YOUR TASK:
Give back exactly the lines of the material below that start at the line containing "STAY SALTY COWGIRL" and end at the line containing "Zwart-wit panorama van", and no others.

DATA TO PROCESS:
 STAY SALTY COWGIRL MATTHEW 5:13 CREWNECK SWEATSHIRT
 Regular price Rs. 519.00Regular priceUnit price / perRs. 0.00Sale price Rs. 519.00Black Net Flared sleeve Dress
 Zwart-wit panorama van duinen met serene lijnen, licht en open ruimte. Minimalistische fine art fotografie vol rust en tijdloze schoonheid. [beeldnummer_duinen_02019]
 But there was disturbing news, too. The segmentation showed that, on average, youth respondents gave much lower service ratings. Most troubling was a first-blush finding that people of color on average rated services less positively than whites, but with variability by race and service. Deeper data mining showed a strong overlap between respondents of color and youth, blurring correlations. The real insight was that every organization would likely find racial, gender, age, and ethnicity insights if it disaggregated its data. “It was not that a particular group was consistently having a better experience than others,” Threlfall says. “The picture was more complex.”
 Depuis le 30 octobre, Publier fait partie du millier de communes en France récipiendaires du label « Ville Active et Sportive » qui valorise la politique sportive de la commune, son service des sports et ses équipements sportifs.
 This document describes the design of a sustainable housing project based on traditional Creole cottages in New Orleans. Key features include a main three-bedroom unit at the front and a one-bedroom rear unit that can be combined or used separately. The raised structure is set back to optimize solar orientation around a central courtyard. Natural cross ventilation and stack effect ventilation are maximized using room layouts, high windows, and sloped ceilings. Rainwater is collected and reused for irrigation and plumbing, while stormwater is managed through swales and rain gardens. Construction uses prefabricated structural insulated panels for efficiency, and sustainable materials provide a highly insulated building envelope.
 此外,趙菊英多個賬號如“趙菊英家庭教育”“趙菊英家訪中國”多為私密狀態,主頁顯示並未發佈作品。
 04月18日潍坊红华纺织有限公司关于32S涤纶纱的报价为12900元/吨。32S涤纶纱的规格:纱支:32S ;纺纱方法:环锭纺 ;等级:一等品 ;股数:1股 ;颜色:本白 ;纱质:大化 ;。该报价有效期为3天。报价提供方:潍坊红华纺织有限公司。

--

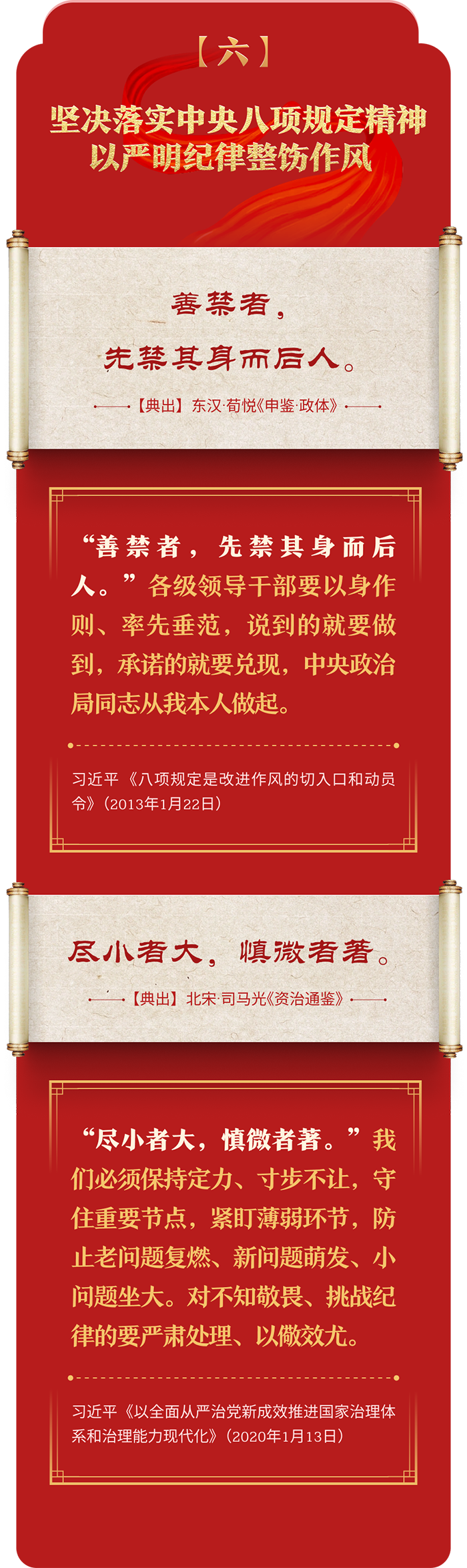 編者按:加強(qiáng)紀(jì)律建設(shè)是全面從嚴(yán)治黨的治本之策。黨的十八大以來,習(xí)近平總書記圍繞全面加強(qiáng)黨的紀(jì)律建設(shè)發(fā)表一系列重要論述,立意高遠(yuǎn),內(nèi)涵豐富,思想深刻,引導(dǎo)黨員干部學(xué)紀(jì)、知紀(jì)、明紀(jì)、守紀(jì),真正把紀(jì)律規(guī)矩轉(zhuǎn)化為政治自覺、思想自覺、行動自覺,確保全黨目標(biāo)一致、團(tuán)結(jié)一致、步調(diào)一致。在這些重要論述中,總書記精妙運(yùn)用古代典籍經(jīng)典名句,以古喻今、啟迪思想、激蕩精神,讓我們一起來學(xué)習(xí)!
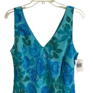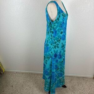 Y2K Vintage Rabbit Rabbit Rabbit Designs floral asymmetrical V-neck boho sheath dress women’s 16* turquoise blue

* * *

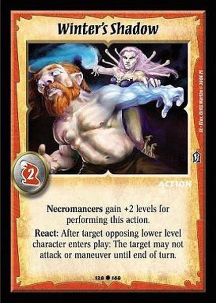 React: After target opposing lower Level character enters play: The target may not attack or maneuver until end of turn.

FINISHED EXERCISE:
 STAY SALTY COWGIRL MATTHEW 5:13 CREWNECK SWEATSHIRT
 Regular price Rs. 519.00Regular priceUnit price / perRs. 0.00Sale price Rs. 519.00Black Net Flared sleeve Dress
 Zwart-wit panorama van duinen met serene lijnen, licht en open ruimte. Minimalistische fine art fotografie vol rust en tijdloze schoonheid. [beeldnummer_duinen_02019]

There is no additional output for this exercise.